Yang spotted a newspaper advertisement for jobs at Lenovo while in Beijing performing research for his master's degree at the University of Science and Technology of China. Yang had initially planned on becoming a university professor but took a risk and accepted a position with Lenovo in sales. He was paid the equivalent of US$30 per month.

In 1989, Yang joined Legend, as Lenovo was then known, at the age of 25. He was quickly promoted. Yang travelled to meet distributors throughout China and used his technical knowledge to achieve a strong sales record. Yang also stood out at Lenovo for being a quiet, deep thinker. These qualities caught the attention of Liu Chuanzhi, who later promoted Yang to head Lenovo's personal computer business at just 29 years old. Yang was elevated to CEO of the whole company when Liu retired in 2001. Liu described Yang as "A man who moves forward, takes risks and aims to innovate." Liu also said, "I had been observing Yang a long time before I appointed him to take over the PC business. He had clear goals, was broad-minded and straightforward. We trusted him."

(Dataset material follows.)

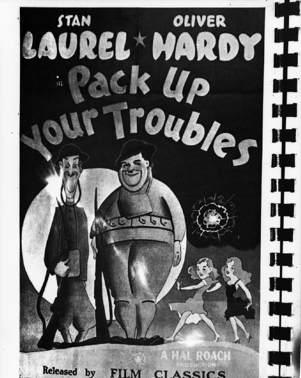 Nous voyons l'annonce publicitaire du film de Stan Laurel et Oliver Hardy «Pack Up Your Troubles»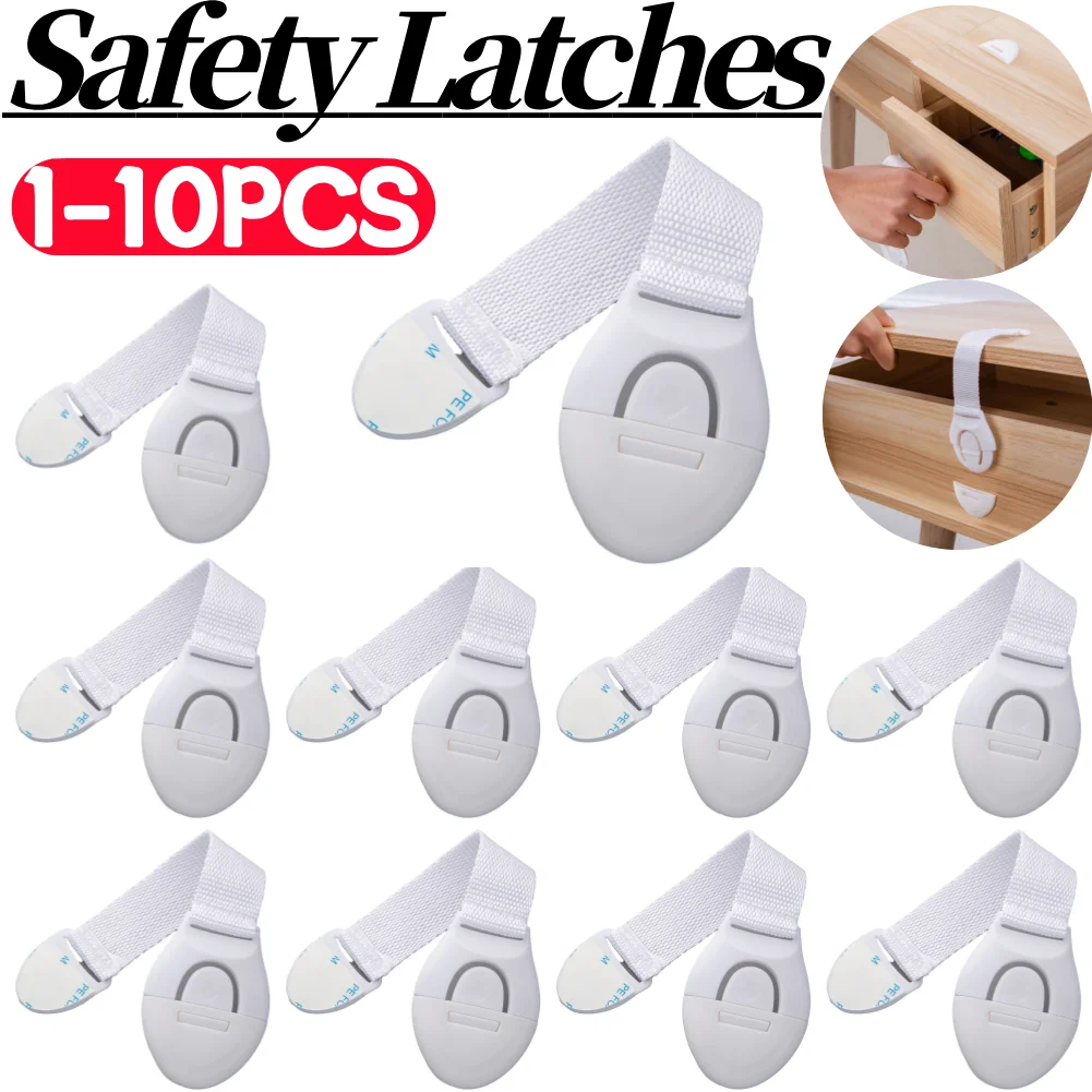 Cerraduras con correa de seguridad para niños, adhesivo versátil para armarios, puertas, ventanas y refrigeradores, sin perforación, 1/10 piezas

Yang's first major task at Lenovo was to write a bid to become an IBM reseller. After submitting his bid, Yang discovered that he had quoted twice the price of his competitors. Within a year of joining Lenovo in 1988, Yang had lost interest in sales and had taken the TOEFL in preparation to study overseas. Yang stayed on after repeated requests from Liu Chuanzhi. Yang believed that he would benefit from exposure to American business practices but Liu persuaded him to delay his plans for two years. Problems at Legend due to lower import duties on personal computers did not allow for this, though.

Yang decided on Lenovo implementing specific job descriptions with clear responsibilities and a system of performance evaluations used to determine annual bonuses. At the time, most Chinese enterprises distributed bonuses of equal size to all employees, there was little sense of responsibility, and workers passively waited for superiors to issue instructions. When Yang took over Lenovo's personal computer division, he strongly discouraged the use of formal titles and required staff to address each other by their given names. Yang even required managers to stand outside their offices each morning to greet their employees while carrying signs with their first names. Yang's division moved to a new building in 1997. He used the move to break Lenovo's cultural links to the past. He insisted on a more formal dress code and training all employees in telephone etiquette; Yang wanted his people to think and act like high-tech workers in developed markets.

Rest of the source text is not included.